5.4.2 Limits of ICTMCs

Let us finally consider the long-term behaviour of a given homogeneous ICTMC \(\mathbb {P}\) with transition rate matrix set \(\mathcal {Q}\) and associated lower transition rate operator \( \underline {Q}\); we assume these to be fixed in the remainder of this section. What, then, can we say about the lower expectation of a function as time goes to infinity?

Recall that, in the discrete-time case, Theorem 5.4 established a sufficient condition for such a lower expectation to converge. This condition was regularity of the IDTMC. Essentially, this meant that it was possible for the IDTMC to move from any state to any other state, in exactly n steps, for some \(n\in \mathbb {N}\). In the continuous-time case that we consider here, there is a similar condition: upper reachability between all pairs of states.

We first remark that this condition is defined using the conjugate upper transition rate operator defined as \(\overline {Q}f:\!= - \underline {Q}(-f)\) for all \(f\in \mathcal {L}(\mathcal {X})\). The definition of upper reachability is then analogous to that of accessibility in discrete-time but is instead defined using the transition rates, rather than probabilities:

Definition 5.19

Let \(\mathbb {P}\) be an ICTMC with associated upper transition rate operator \(\overline {Q}\), as defined above. For any two states \(x,y\in \mathcal {X}\), y is said to be upper reachable from x, if there is a sequence \(x_0,\ldots ,x_n\in \mathcal {X}\), \(n\in \mathbb {N}\), such that x 0 = x, x n = y and, for all i ∈{1, …, n}, it holds that x i ≠ x i−1 and \(\bigl [\overline {Q}\,\mathbb {I}_{x_i}\bigr ](x_{i-1})>0\).

Let us in particular consider the final condition in this definition. From the conjugacy between the lower and upper transition rate operators, and the definition of the former, we can rewrite this requirement as saying that

$$\displaystyle \begin{aligned} 0 < \bigl[\overline{Q}\,\mathbb{I}_{x_i}\bigr](x_{i-1}) = \sup_{Q\in\mathcal{Q}} \bigl[Q\,\mathbb{I}_{x_i}\bigr](x_{i-1}) = \sup_{Q\in\mathcal{Q}} Q(x_{i-1},x_i)\,. \end{aligned}$$

Thus, upper reachability of y, from x, requires that there exists a sequence of states from x to y such that, at each step in this sequence, there is some transition rate matrix \(Q\in \mathcal {Q}\) which assigns strictly positive ‘speed’ of moving from the current state in this sequence, to the next one. In other words, it should be possible for these transitions to happen according to some of the models in our set \(\mathbb {P}\), but not necessarily all, and there can be a different model allowing for this possibility at each step. This can now be used to state the following result:

Theorem 5.7

Let \(\mathbb {P}\) be an ICTMC and suppose that, for all \(x,y\in \mathcal {X}\) , y is upper reachable from x. Then, there is a unique lower expectation operator \( \underline {\mathbb {E}}_{\mathbb {P}}\bigl [\cdot (X_{+\infty })\bigr ]:\mathcal {L}(\mathcal {X})\to \mathbb {R}\) such that, for all \(f\in \mathcal {L}(\mathcal {X})\) and all \(x\in \mathcal {X}\),

$$\displaystyle \begin{aligned} \underline{\mathbb{E}}_{\mathbb{P}}\bigl[f(X_{+\infty})\bigr] = \lim_{t\to+\infty} \underline{\mathbb{E}}_{\mathbb{P}}\bigl[f(X_{t})\,\big\vert\,X_0=x\bigr] = \lim_{t\to+\infty}\bigl[\underline{T}_tf\bigr](x)\,. \end{aligned}$$

5.5 Literature and Further Reading

Let us conclude this chapter by providing pointers to the literature on which the material in this chapter is based. We will also briefly discuss some parts of the literature that are related but not quite the same as what we covered here.

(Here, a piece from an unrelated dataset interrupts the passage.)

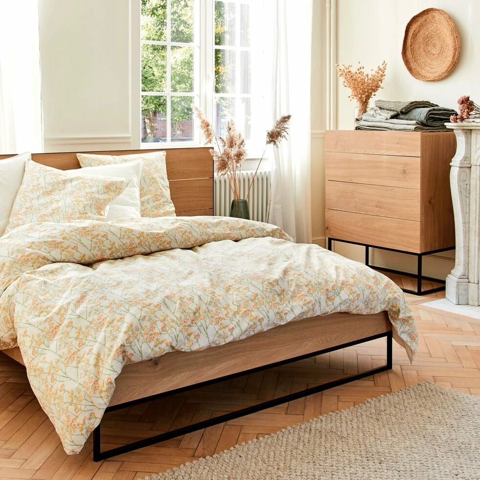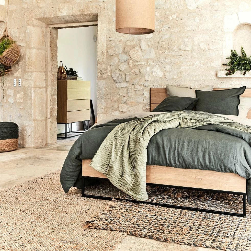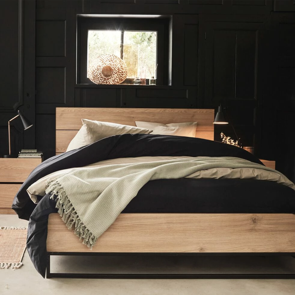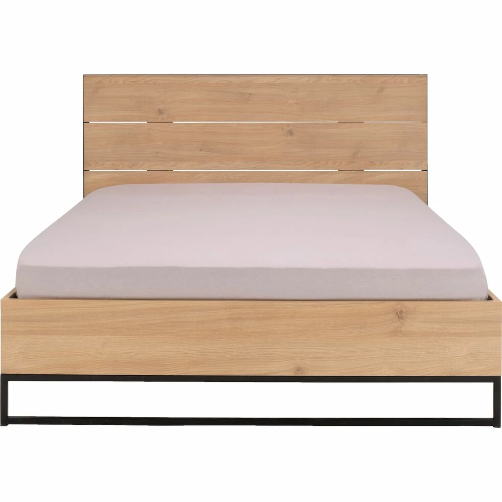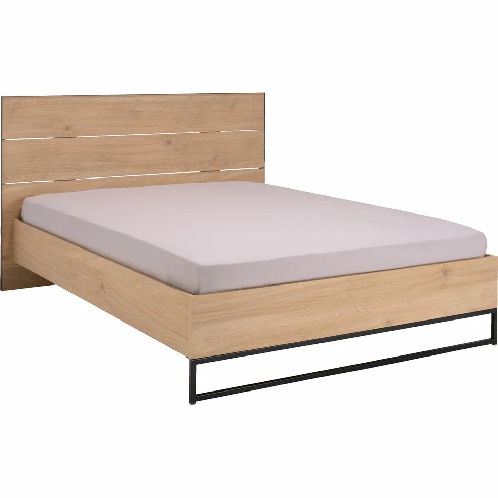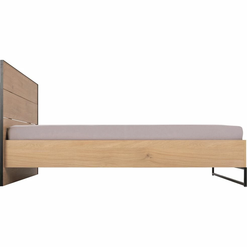 Le lit Gaspard en 160x200cm est à la fois minimaliste et a un style affirmé. L’association du métal noir et d’un effet bois clair offre un contraste entre un matériau dur et froid et un autre plutôt chaleureux et apaisant. C’est un équilibre parfait qui donne une note d’originalité à la chambre. Ses pieds, armature en fer rectangulaire, permettent de surélever le lit et de créer un espace aéré et léger. La tête de lit habille avec classe et donne une jolie finition avec son pourtour métallique. De plus la taille de ce dernier vous offre un bel espace de repos.

First of all, there exists an extensive body of literature on (precise) Markov chains, both in discrete- and in continuous times. It would be nigh impossible to give a complete overview here, but we think that [1, 38] make excellent introductory reads. For a broad and general introduction to the theory for imprecise probability, which lies at the heart of the models that we discussed here, we refer the reader to [3, 50]. The difference between the notions of strong independence and epistemic irrelevance—which we have stressed repeatedly and which is a crucial property of imprecise Markov chains as we treated them here—is discussed, e.g. in [5, 37].

For the interpretation of Markov chains using probability trees, see, for example, [13, 18, 32]. This interpretation is also closely related to the game-theoretic formalisation of probabilities using the theory of martingales (which we did not cover here). The interested reader may want to pursue [13, 32, 49].

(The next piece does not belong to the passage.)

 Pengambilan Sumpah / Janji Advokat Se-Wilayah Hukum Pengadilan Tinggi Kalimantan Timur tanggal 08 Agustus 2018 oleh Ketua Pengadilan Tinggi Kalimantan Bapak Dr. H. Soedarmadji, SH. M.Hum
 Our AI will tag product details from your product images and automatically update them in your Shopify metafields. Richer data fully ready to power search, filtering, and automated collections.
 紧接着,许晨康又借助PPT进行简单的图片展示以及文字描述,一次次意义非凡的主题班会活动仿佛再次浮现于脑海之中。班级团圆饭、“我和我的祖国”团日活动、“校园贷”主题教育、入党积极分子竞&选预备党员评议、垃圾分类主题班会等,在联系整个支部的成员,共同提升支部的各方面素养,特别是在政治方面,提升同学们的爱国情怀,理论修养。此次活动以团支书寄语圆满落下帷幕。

For an account of the general theory of Bayesian networks, see [39]. For their imprecise generalisation—credal networks—references [2, 6, 7, 9, 11] discuss a lot of the general theory.

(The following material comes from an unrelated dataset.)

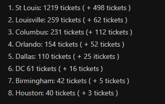 >>153890957>>153890640https://opensheet.elk.sh/1m6MgAlS-a5nPgfRii1eZJ8_IP2vnghHV_XLNbcOG9Xs/Sheet1 is the sheet they're using.1. STL: 1494 (+275)2: LOU: 340 (+81)3: COL: 329 (+98)4: ORL: 192 (+38)5: DAL: 139 (+29)6: DC: 69 (+8)7: BMH 68 (+26)8: HOU 46 (+6)
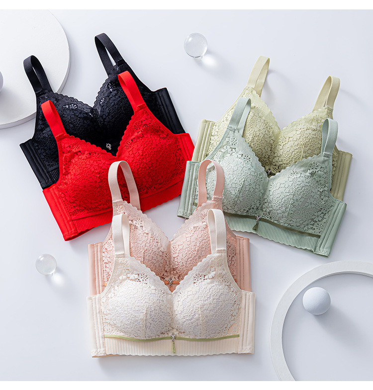 823 #2023 봄과 여름 새로운 느낌 매우 부드러운 ~ 노 스틸 링 작은 가슴 섹시 브라 레드 두꺼운 속옷 도매스토어 가기

Imprecise discrete-time Markov chains are discussed, e.g. in [15, 17, 27]. For imprecise continuous-time Markov chains, see [30, 44]. A treatment of the matrix exponential, which is crucial to computational methods for CTMCs, is given in [48]. Reference [19] discusses the current state-of-the-art to efficiently compute the imprecise generalisation of the matrix exponential, which we have seen is crucial for computing inferences in ICTMCs.

Detailed treatments on the long-term (limit) behaviour in IDTMCs can be found in [14, 16, 26, 45]. Reference [10] provides the necessary and sufficient conditions for the limit behaviour of ICTMCs, and [19] also discusses computational methods to numerically approximate this limit. We remark that Theorems 5.4 and 5.7 in this chapter are stated in a simplified form compared to their statement in the literature. In particular, the results in [10, 14] are stronger; for instance, [10] in fact provides necessary and sufficient conditions for the convergence of an ICTMC, whereas Theorem 5.7 only states a sufficient condition.

Some examples of the merits of imprecise Markov chains in applications are provided by [40, 46, 47]. A domain for which the applicability of (imprecise) Markov chains has been extensively studied, is queueing theory [8, 33,34,35,36].

A generalisation of Markov chains that we have not discussed, but which is nevertheless important in many practical applications, is hidden Markov chains. There, the stochastic process cannot be observed directly, but only through a noisy measurement model. Their imprecise treatment is discussed, e.g. in [4, 12, 31].

Fields that are closely related to the theory of imprecise Markov chains are controlled Markov processes [21] and Markov decision processes [22, 28, 41, 51]. There also, the process under study has its parameters changed over time. However, the goal there is not to represent uncertainty and change these parameters to compute robust bounds on quantities of interest. Rather, their aim is to optimise the process evolution towards some operational target.

Finally, we again emphasise that our treatment uses epistemic irrelevance, which we distinguish from using strong independence. There is, however, an extended body of literature also on the latter. These alternative models are known as Markov chains under strong independence, e.g. in [27], as interval Markov chains [20, 29, 42, 43] or as Markov set chains [23,24,25].